Барахтайся, парень, выцарапывайся, помогай нам. Слова медика неприятно напомнили «доброго» оперативника Романа, но врач в отличие от полицейского, по крайней мере, говорил искренне. Меня мурыжили какое-то время, а потом увезли в палату, положили под капельницу и нацепили датчики. За две с половиной недели, я второй раз попадаю в больницу, и эту неприятную тенденцию следовало прекращать. Могло радовать только одно – я чувствовал, как оздоравливается моё тело.
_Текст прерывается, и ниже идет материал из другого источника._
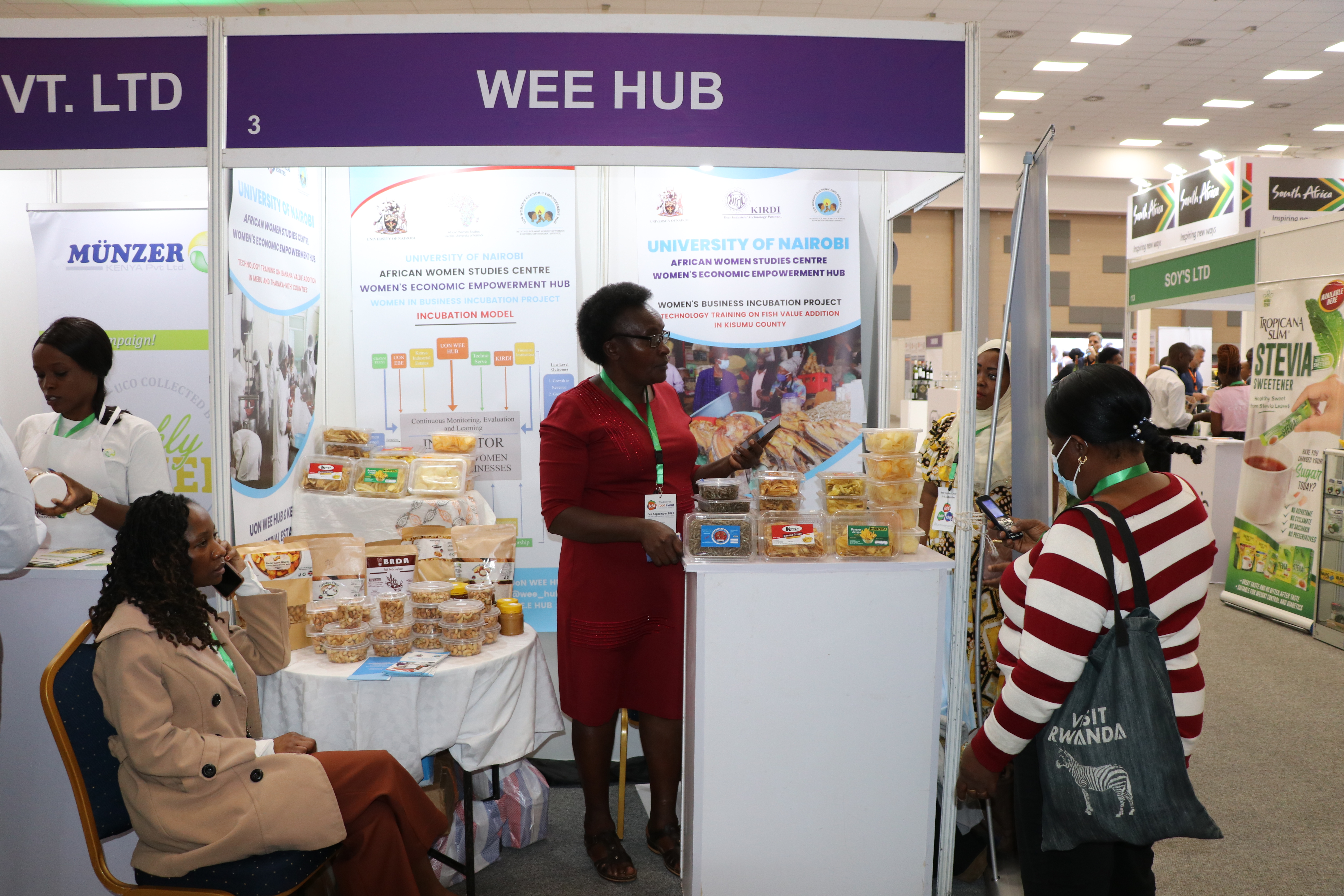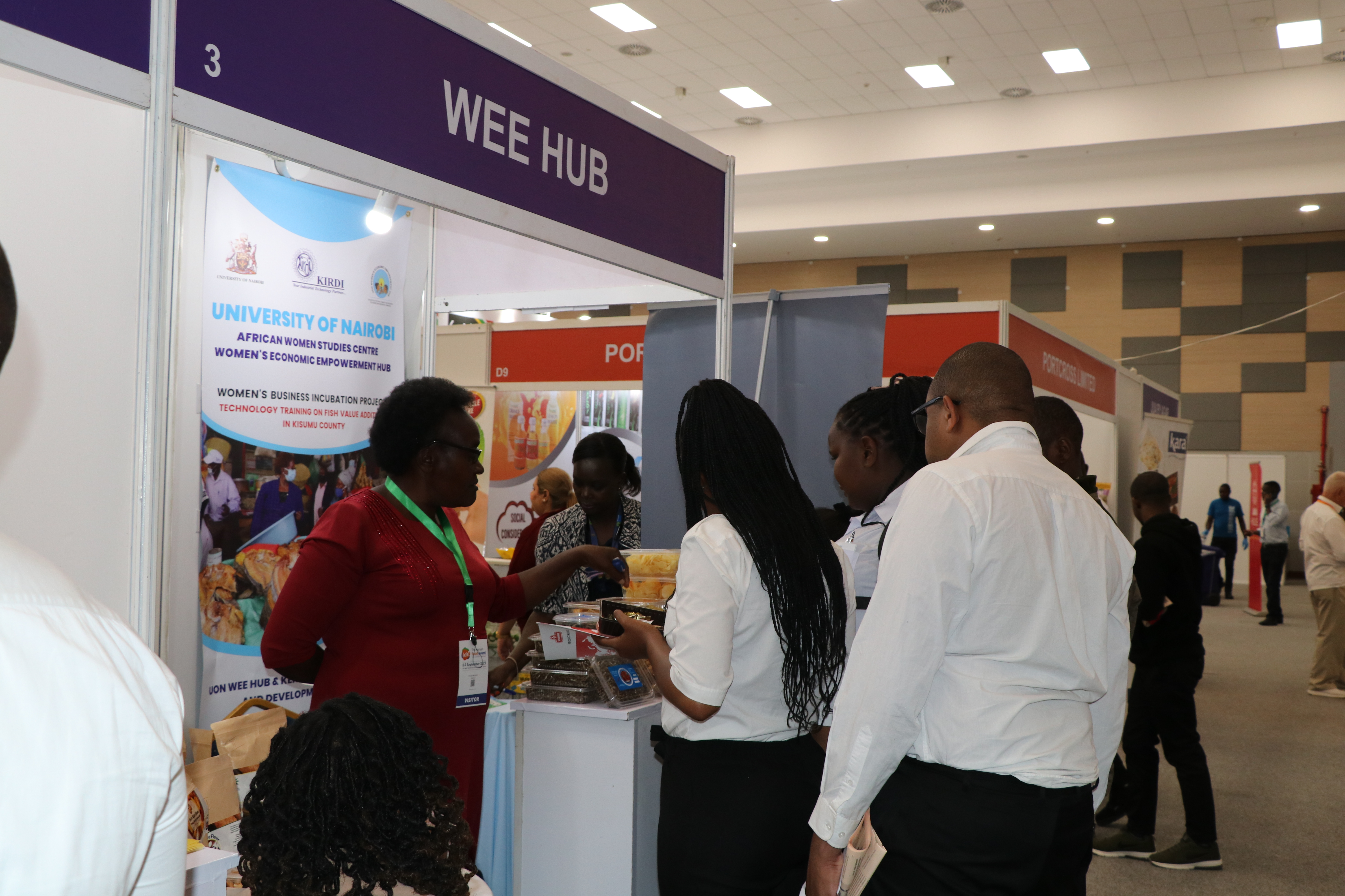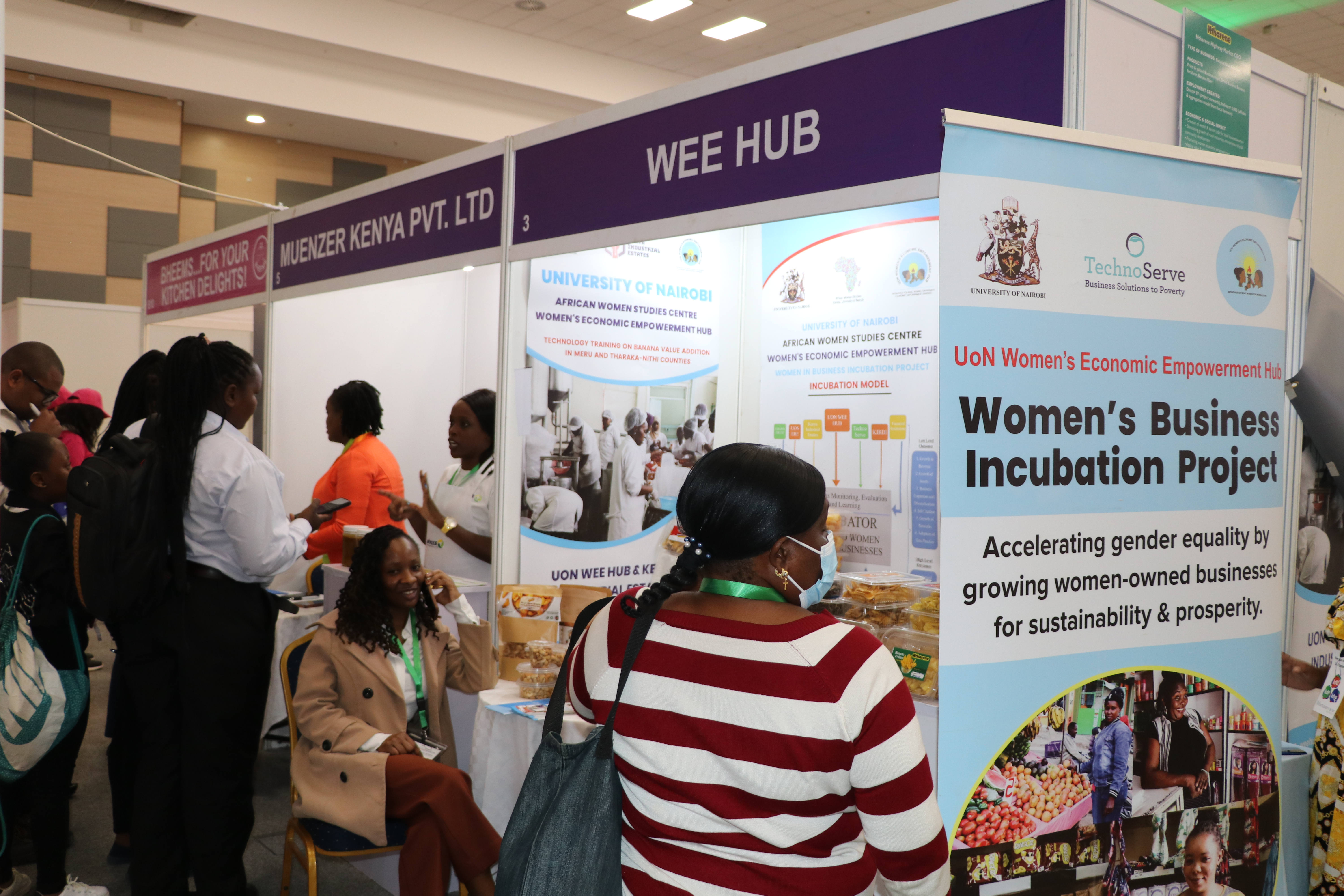 The women had an opportunity to exhibit their products, market, sell, and network with other international exhibitors in various food categories. The three-day event was opened on September 5, 2023, and ran for three days until September 7th, 2023. The UoN WEE Hub Director of Research, Dr. Mary Mbithi, delivered a presentation at the plenary to explain the incubation model, its process, and intermediate results.

Никогда раньше такого не ощущал: толчки горячей крови по сосудам, тепло и давящее ощущение в тех местах, которые саморемонтируются после побоев, зуд, покалывание и вибрация. Было скучно лежать, уставившись в белый потолок. Я всё-таки не послушался доктора и уснул. Следующий день начался для меня со металлического звона. Меня разбудила медсестра, которая пришла делать мне перевязки.

– Доброе утро, – поздоровалась со мной милая барышня лет сорока. – Как ваше самочувствие?
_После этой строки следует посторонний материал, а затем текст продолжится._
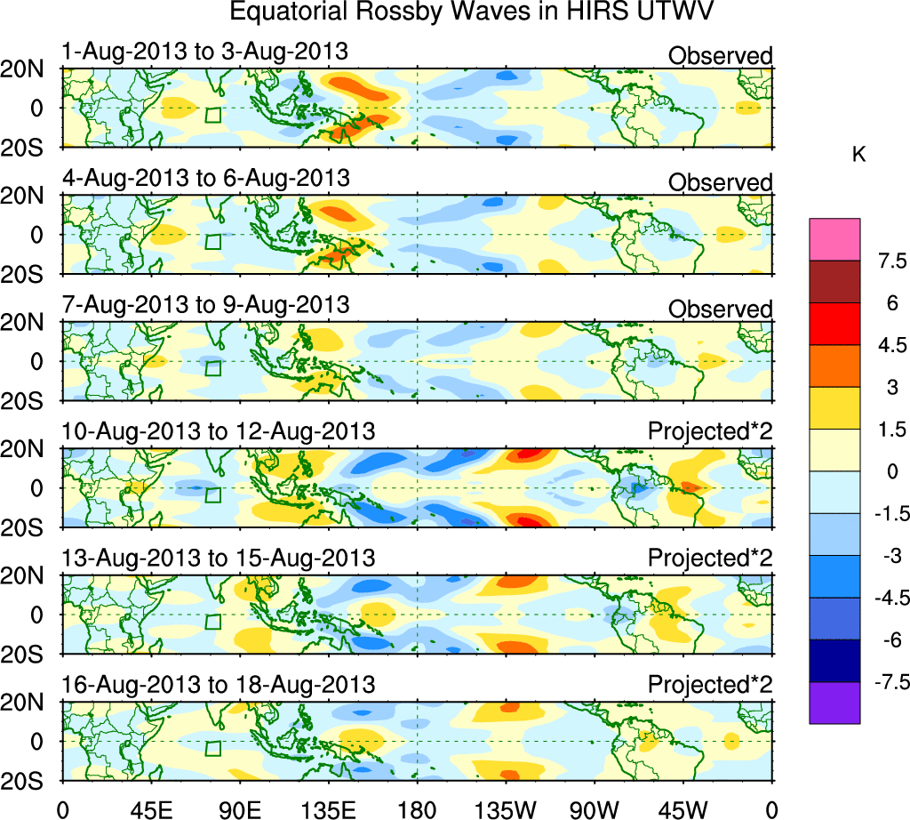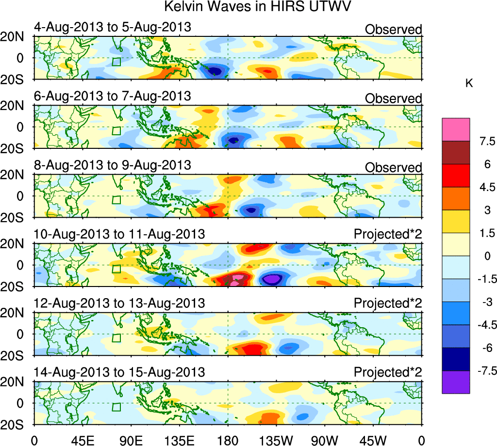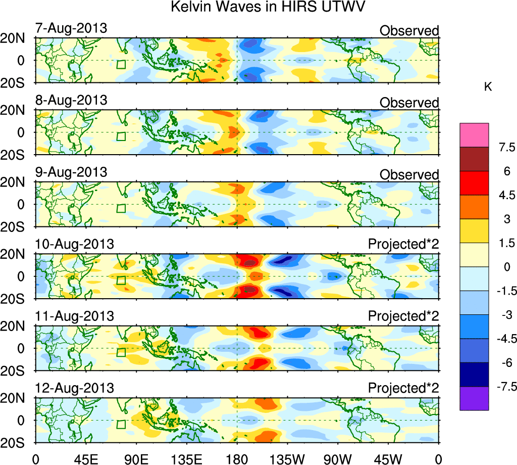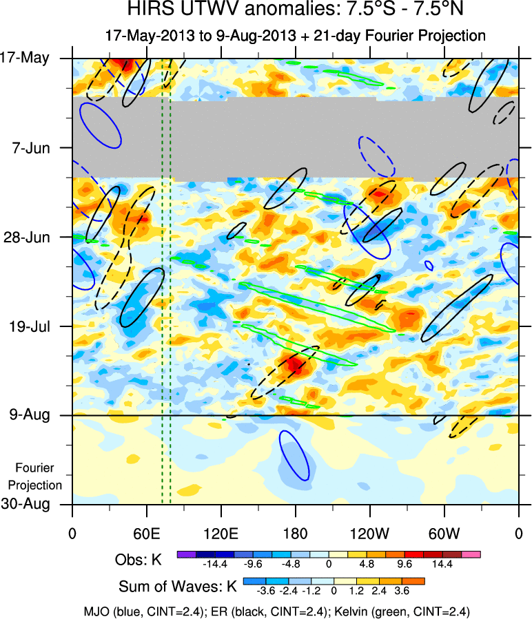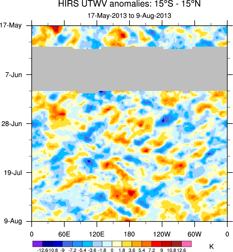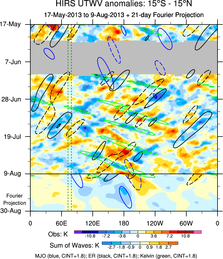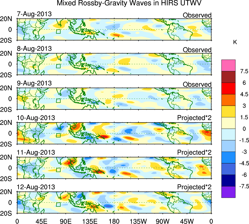 To identify tropical waves in near real-time, the OLR and UTWV data are filtered following Wheeler & Weickmann (2001 MWR). The daily anomalies are calculated using the first 3 harmonics of the seasonal cycle for 1979–2009. Missing values are then filled using linear interpolation in space and time. The most recent 365 days of anomalies are padded with 659 days of zeroes, and the result is filtered for each wave type.

– Грех жаловаться. Здоровею вашими заботами не по дням, а по часам.

– Ну, хорошо. Если шутите, то действительно быстро на ноги встанете. А то бывают среди пациентов горе-нытики. Вроде с виду мужик крутой, а сопли распустит как дитё малое.

– А что со мной?

– Ой, это у лечащего врача спрашивайте. Скоро обход будет.
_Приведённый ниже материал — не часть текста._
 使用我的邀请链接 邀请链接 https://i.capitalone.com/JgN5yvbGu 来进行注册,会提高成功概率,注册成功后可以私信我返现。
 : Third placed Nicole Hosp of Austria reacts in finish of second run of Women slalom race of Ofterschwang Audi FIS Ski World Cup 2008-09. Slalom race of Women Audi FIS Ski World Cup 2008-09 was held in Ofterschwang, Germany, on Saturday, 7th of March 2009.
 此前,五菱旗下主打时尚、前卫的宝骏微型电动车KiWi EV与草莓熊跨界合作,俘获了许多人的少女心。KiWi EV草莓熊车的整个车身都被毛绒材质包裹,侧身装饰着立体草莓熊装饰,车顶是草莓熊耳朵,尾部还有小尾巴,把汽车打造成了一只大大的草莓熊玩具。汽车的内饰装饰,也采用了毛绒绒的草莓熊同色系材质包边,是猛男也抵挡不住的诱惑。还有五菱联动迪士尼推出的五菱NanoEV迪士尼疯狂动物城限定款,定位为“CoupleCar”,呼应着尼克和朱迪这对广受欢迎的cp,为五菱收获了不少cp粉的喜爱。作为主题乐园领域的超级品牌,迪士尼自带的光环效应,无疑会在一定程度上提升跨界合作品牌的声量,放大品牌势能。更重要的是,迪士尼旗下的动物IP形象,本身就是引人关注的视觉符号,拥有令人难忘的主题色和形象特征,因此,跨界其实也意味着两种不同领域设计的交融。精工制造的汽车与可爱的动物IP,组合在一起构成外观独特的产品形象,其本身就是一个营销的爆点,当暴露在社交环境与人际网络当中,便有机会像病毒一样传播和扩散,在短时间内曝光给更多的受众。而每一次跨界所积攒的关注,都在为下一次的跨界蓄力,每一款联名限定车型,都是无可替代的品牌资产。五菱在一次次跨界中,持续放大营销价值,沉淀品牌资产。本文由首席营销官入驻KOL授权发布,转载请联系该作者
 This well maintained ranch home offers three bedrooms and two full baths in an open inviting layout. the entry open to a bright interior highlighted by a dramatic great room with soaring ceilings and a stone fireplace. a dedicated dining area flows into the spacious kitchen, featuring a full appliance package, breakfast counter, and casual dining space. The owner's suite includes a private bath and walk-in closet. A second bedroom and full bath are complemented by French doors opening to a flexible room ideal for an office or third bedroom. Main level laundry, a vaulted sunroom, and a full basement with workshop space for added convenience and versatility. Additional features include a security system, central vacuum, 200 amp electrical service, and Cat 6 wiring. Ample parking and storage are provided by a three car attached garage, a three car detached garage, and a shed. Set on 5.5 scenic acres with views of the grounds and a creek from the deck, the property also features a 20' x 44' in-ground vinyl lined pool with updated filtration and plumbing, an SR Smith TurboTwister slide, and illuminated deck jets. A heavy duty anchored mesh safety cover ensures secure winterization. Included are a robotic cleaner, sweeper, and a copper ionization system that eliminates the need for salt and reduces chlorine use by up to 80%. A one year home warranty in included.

Главврач именно отсюда начинает. Вы кушать будете?

– Нет, не хочется. Мне бы попить.

– Угу. Заботливая медсестра напоила меня водой и устроила поудобнее в постели. Спасибо ей за это. После её ухода я опять стал пялиться в потолок. Смотреть в стороны не получалось – мешал жёсткий пластиковый хомут на шее. К тому же он нещадно давил на затылок. Я осторожно сел на кровати. Было неудобно, но я это сделал. Хомут никак не желал войти в моё положение и ослабить натиск. Я расстегнул липучки на застёжках. Хомут снялся легко, но у меня никак не получилось одеть его обратно. Я покрутил головой, позвонки в мой затёкшей шее хрустели и щелкали, но стало заметно легче. Ложиться я не стал. Слишком уж хотелось в туалет по-маленькому. Положив пластмассовый воротник на тумбочку возле кровати, я принялся искать утку или ночной горшок, на худой конец. Придерживая рукой жгут с проводами, я слез с кровати и заглянул под неё. За этим своеобразным занятием меня застукал главврач. Ко мне в палату зашёл целый отряд молодых врачишек в сопровождении двух матерых докторов и величественного медицинского патриарха.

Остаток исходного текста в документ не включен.